NASA spacecraft impact on asteroid triggers ‘cloud of rocks’
stripped off. When a NASA spacecraft smashed into an asteroid on an unprecedented testing mission last year, it sent a “cloud of rocks” into space, as evidenced by Pictures from the Hubble Space Telescope Posted today.
As a reminder, in September 2022, the US space agency expected the spacecraft to orbit the surface of an asteroid, about 11 million kilometers from Earth, to study the possibility of deviating from a celestial body that is in danger of colliding with the blue planet.
Dart’s effect effectively altered Dimorphos’ trajectory. but Pictures from Hubble showed that the collision also launched 37 rocks into the universe ranging in size from 1 to more than 7 meters. These rocks represent about 2% of all those identified on the asteroid surface. Dimorphos, with a diameter of 160 meters, looks more like a jumble of large rocks related by their mutual culture than a solid mass.

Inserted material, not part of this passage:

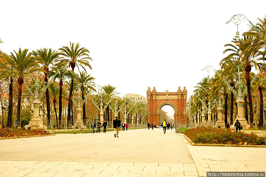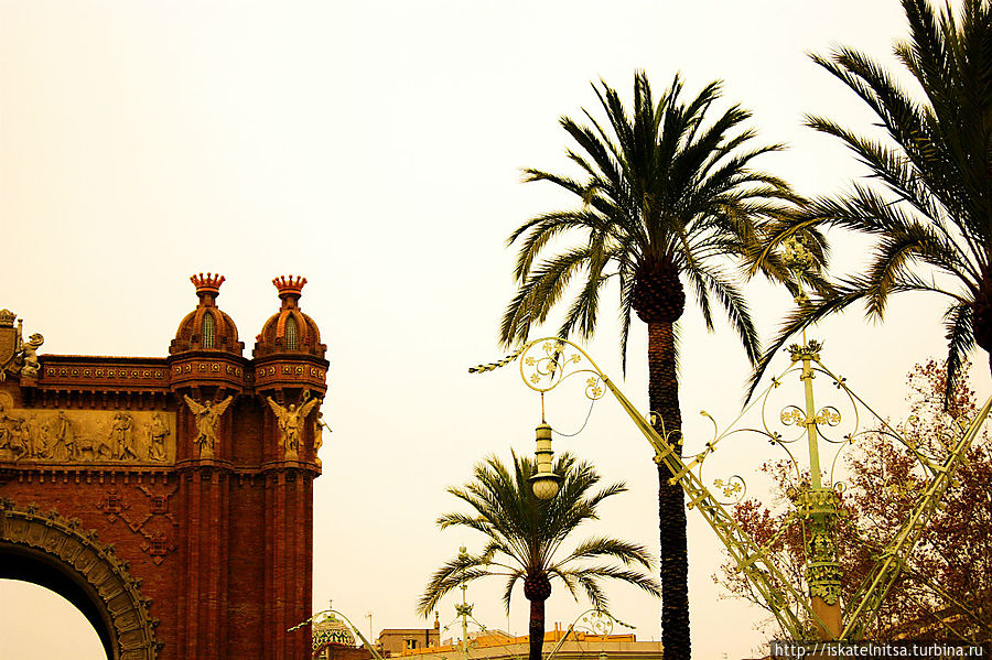 Вообще, что могу сказать: лично мне очень сложно ассоциировать европейское искусство и архитектуру в частности с пальмами, растущими повсюду. А в Барселоне этого добра – хоть отбавляй. Триумфальная арка в конце пальмовой аллеи, на мой взгляд – впечатляющая находка.

The impact-scattered rocks are moving away from the asteroid very slowly, at about 1 km/h, according to a statement from the Hubble Space Telescope. This slowness will allow the European Space Agency’s HERA mission, which should examine the asteroid in 2026, to monitor the rocks.
swarm of bees
“The rock cloud will still be dispersed when Hera arrives,” says David Jewett, an astronomer at the University of California and first author of a study on the subject recently published in Astrophysical Journal Letters. The cloud “looks like a swarm of bees slowly expanding,” adds the scientist, quoting from the Hubble press release. This “incredible” observation by the telescope “tells us for the first time what happens when you hit an asteroid and see things come out of it.”
The scattering of rocks in the impact indicates that DART blew a crater about 50 meters wide on the asteroid. Scientists will continue to study the trajectory of the rocks to understand “the directions that were taken out from the surface.”